The species is listed as ‘‘Least concern, Lower risk’’ by the International Union for the Conservation of Nature and Natural Resources (2006), and is not listed as a threatened species federally in Australia or in state-based legislation in Western Australia, South Australia, or Victoria ( Tulloch 2004). However, in New South Wales, Cercartetus concinnus is listed as endangered ( Kavanagh 2004; New South Wales National Parks and Wildlife Service 2001; New South Wales Scientific Committee 1997). In this state, C. concinnus is threatened by vegetation clearing, the reduction of food sources by livestock overgrazing, inappropriate fire regimes, and introduced predators (i.e., feral cats and foxes— New South Wales National Parks and Wildlife Service 2001; New South Wales Scientific Committee 1997; Rose 1995; Tulloch 2004). Potentially, the harvesting of nectar and pollen by commercial honeybees also could have a detrimental impact on populations of C. concinnus , although this has been little studied ( Paton 1999).
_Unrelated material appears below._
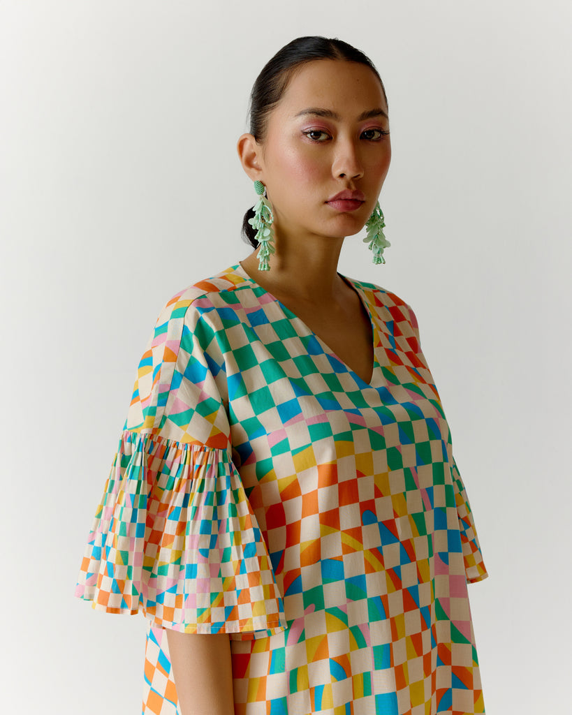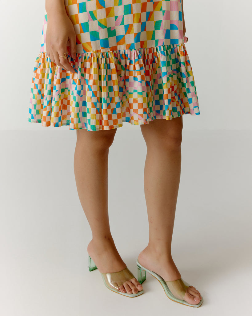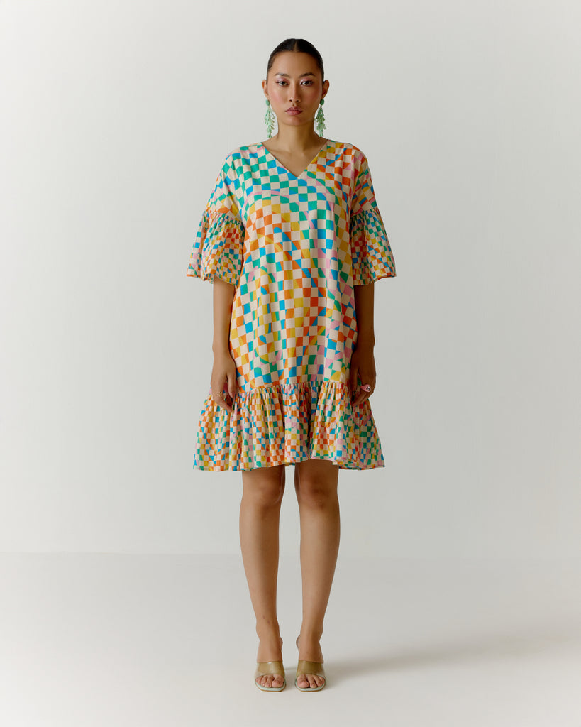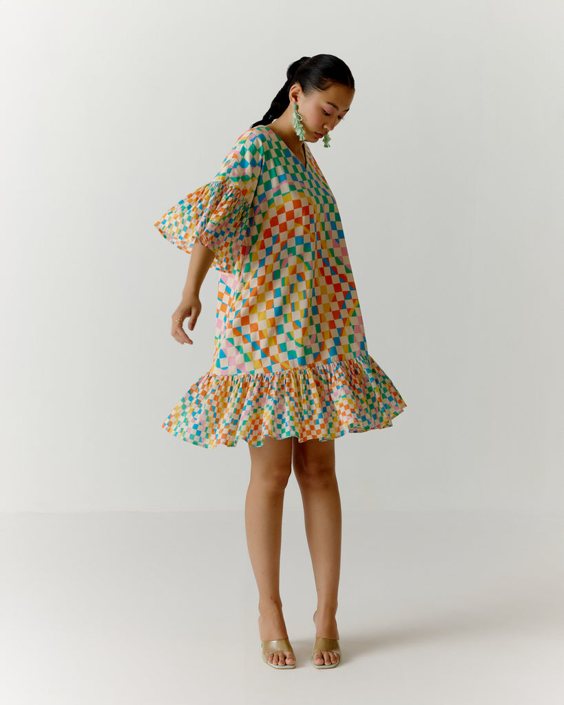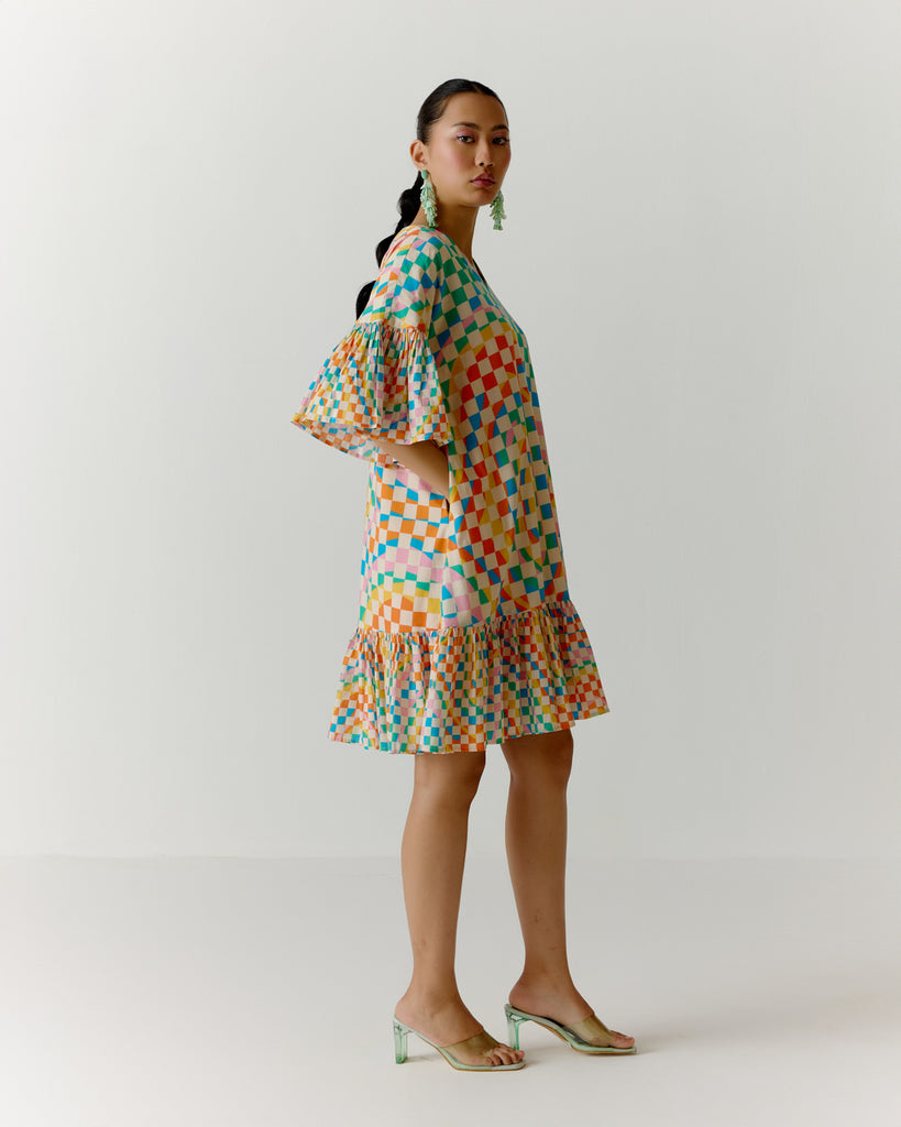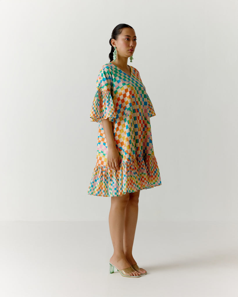 COLOR SQUARE RUFFLED SLEEVE DRESS

A few informal assessments of its conservation status in specific areas are available in the literature, and for its range in Western Australia these include that it is ‘‘common’’ ( Baynes 1970; Glauert 1933) or ‘‘stable’’ (Burbidge and McKenzie 1989). However, in the Western Australian wheat-belt C. concinnus is reportedly ‘‘rare’’ ( Kitchener et al. 1980). In most of its South Australian range, C. concinnus is considered ‘‘common’’ ( Aitken 1983; Carthew 2004; Robinson and Armstrong 1999; Watts 1990; Watts and Ling 1985), except for Brookfield Conservation Park where it is ‘‘rare’’ ( Goonan et al. 1993). In the mallee of northwestern Victoria, C. concinnus is ‘‘common’’ to ‘‘uncommon’’ (Bennett and Lumsden 1995; Bennett et al. 1989; Robertson et al. 1989; van der Ree et al. 2004). However, a southward contraction at the northern end of its geographic range in Victoria has been noted (Bennett and Lumsden 1995).